Segment Start: Data shown

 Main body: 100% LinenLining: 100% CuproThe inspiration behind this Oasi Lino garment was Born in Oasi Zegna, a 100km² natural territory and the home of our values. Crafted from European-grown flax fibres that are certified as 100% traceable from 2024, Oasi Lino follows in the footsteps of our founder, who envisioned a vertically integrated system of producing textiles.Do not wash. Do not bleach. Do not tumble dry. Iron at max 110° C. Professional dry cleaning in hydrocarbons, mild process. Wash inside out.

Segment End: Data shown
Segment Start: Data shown

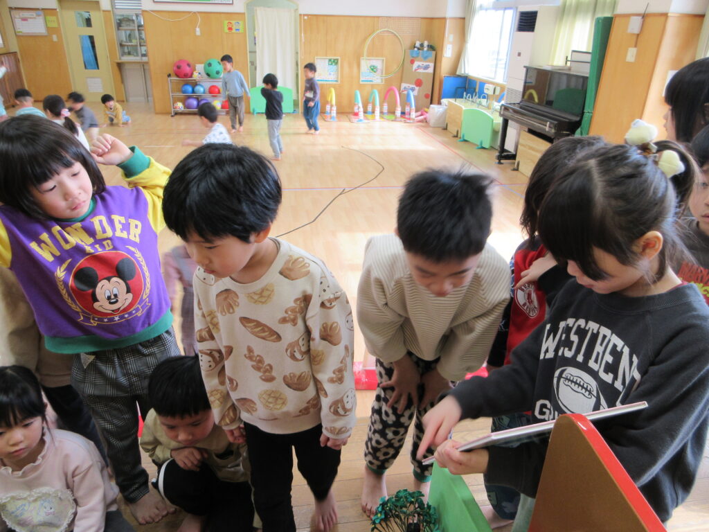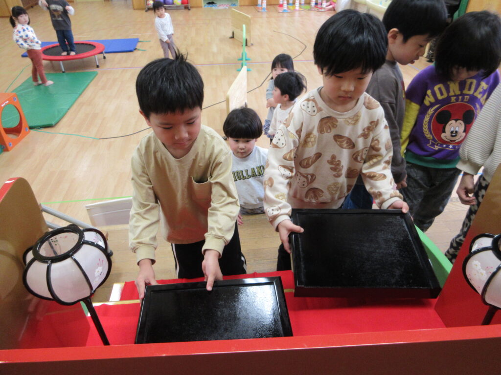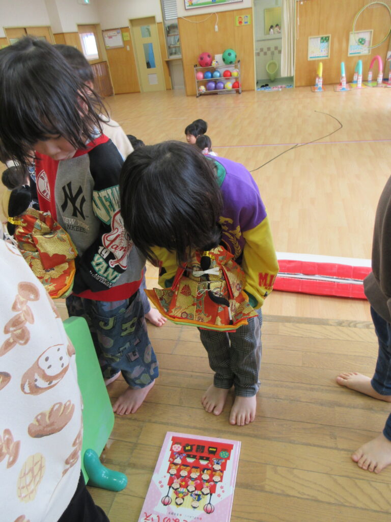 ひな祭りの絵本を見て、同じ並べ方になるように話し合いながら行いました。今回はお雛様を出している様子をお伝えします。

Segment End: Data shown
Segment Start: Data shown

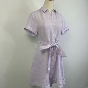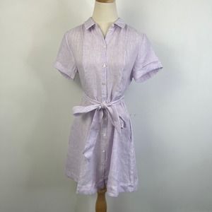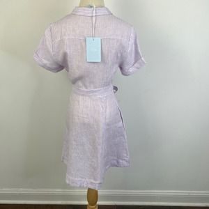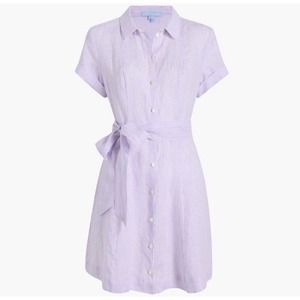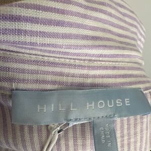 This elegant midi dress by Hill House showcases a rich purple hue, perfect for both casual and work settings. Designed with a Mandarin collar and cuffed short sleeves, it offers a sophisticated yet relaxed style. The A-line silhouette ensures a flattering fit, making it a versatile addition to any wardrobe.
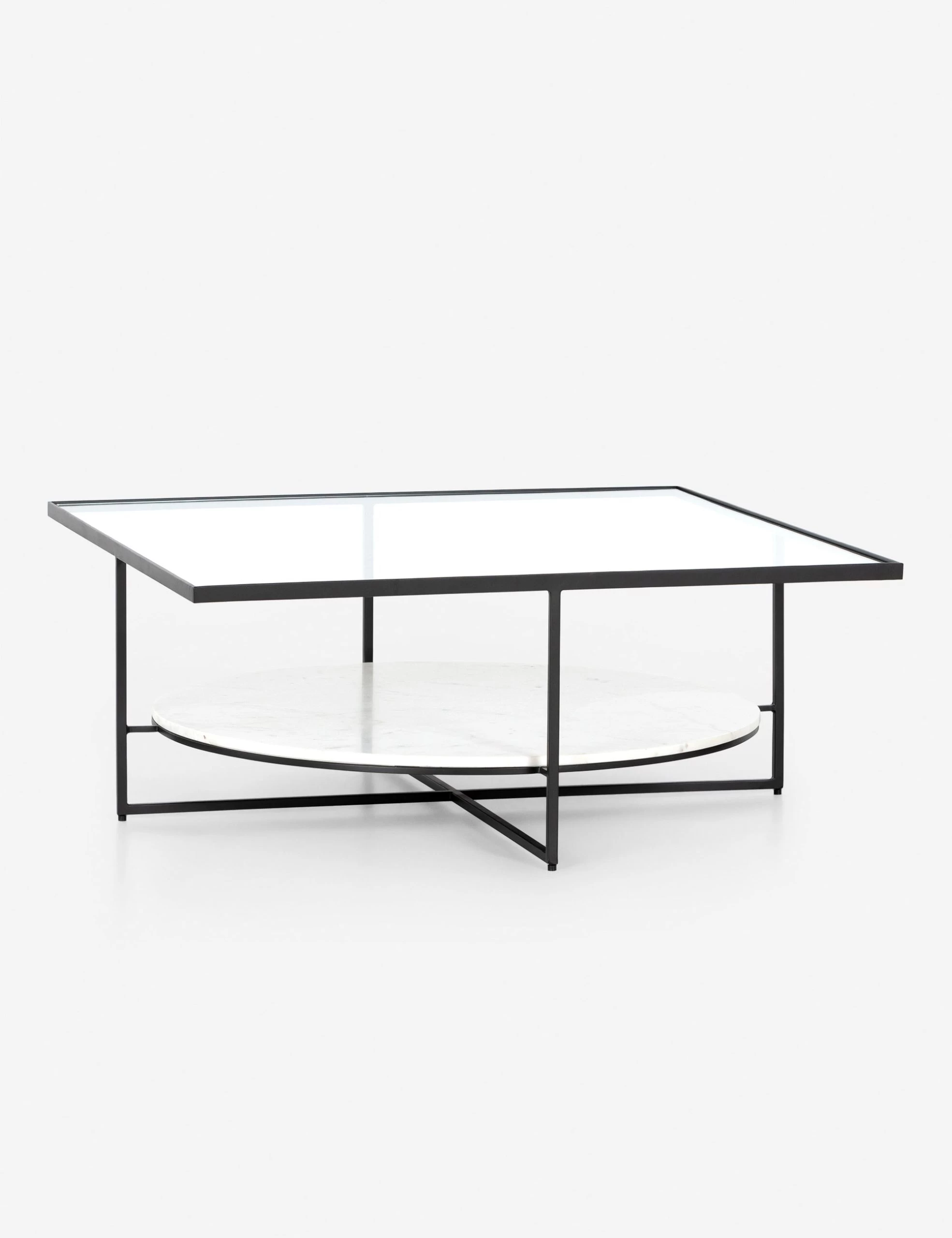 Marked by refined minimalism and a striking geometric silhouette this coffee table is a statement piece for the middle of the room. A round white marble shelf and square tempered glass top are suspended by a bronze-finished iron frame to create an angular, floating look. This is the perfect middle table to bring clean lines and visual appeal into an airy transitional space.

Segment End: Data shown

Give back exactly the lines above from the one with "This elegant midi" through the one with "Marked by refined", both included. Pictures don't belong in the copy.

Expected output
 This elegant midi dress by Hill House showcases a rich purple hue, perfect for both casual and work settings. Designed with a Mandarin collar and cuffed short sleeves, it offers a sophisticated yet relaxed style. The A-line silhouette ensures a flattering fit, making it a versatile addition to any wardrobe.
 Marked by refined minimalism and a striking geometric silhouette this coffee table is a statement piece for the middle of the room. A round white marble shelf and square tempered glass top are suspended by a bronze-finished iron frame to create an angular, floating look. This is the perfect middle table to bring clean lines and visual appeal into an airy transitional space.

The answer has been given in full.